* _What this task involves_
Set down, exactly and only, everything from the line containing "Korona virüs vaka" down to the line containing "Der Aufbewahrungskorb ist" in the data below; the pictures are not part of the copy.

* _Given information_
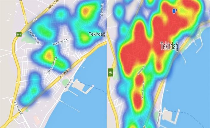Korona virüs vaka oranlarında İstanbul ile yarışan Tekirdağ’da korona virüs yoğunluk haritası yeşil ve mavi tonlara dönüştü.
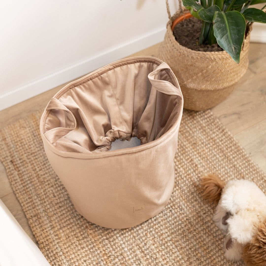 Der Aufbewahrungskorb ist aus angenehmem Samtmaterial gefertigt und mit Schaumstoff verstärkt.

* * *

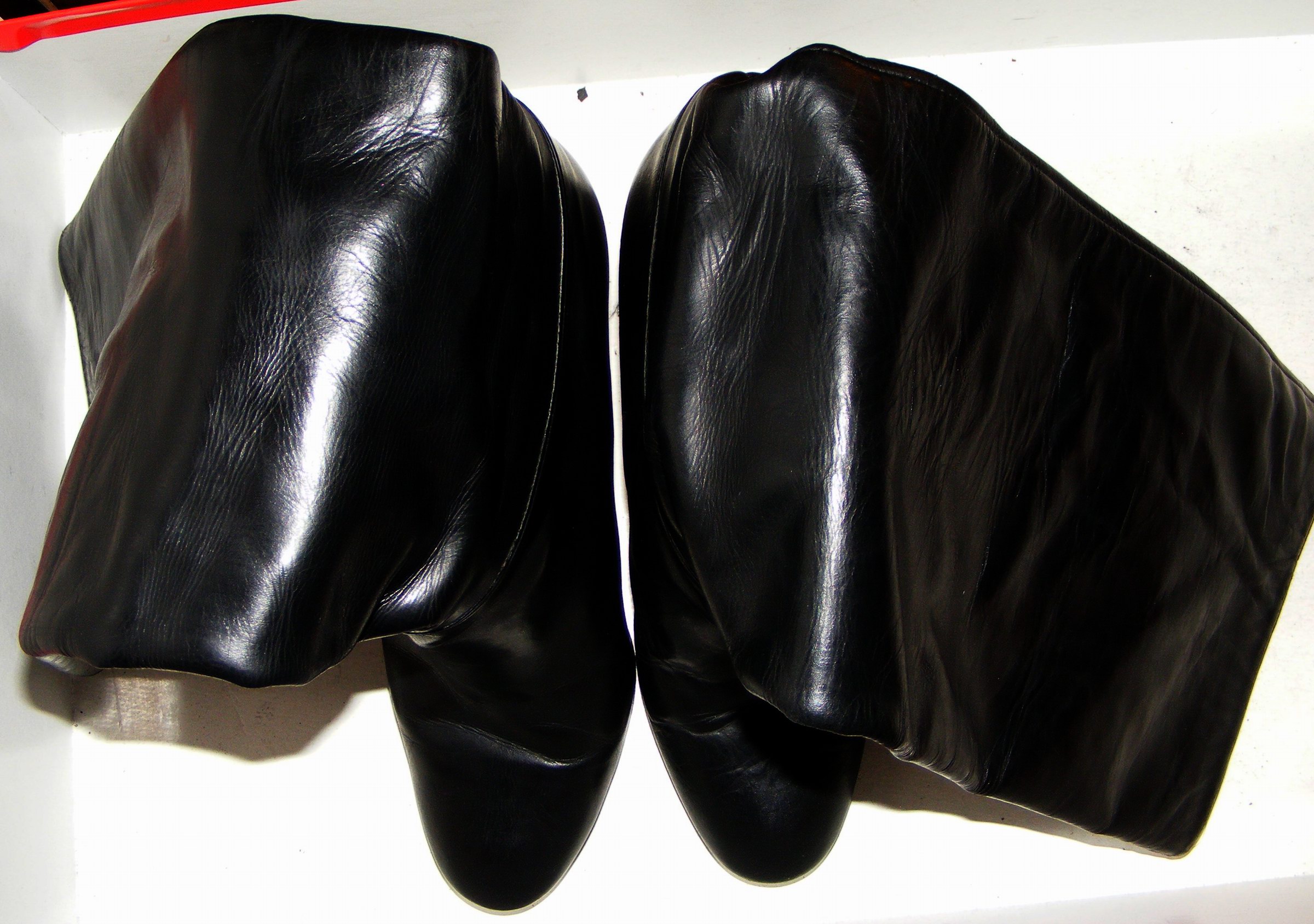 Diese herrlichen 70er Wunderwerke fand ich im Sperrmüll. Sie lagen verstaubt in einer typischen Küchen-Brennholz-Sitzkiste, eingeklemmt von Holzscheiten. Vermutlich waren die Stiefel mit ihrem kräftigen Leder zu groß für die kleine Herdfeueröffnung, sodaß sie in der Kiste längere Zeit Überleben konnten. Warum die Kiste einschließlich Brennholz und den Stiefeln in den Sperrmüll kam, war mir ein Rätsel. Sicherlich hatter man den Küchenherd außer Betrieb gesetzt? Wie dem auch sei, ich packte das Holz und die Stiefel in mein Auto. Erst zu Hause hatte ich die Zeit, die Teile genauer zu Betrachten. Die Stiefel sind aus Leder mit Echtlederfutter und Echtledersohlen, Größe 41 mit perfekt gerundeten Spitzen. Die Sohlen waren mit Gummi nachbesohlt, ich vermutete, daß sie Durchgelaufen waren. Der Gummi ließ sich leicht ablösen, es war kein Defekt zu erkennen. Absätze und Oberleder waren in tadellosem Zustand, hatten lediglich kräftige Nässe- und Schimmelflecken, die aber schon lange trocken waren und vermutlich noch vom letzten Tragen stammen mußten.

* _Exercise answer_
Korona virüs vaka oranlarında İstanbul ile yarışan Tekirdağ’da korona virüs yoğunluk haritası yeşil ve mavi tonlara dönüştü.
 Der Aufbewahrungskorb ist aus angenehmem Samtmaterial gefertigt und mit Schaumstoff verstärkt.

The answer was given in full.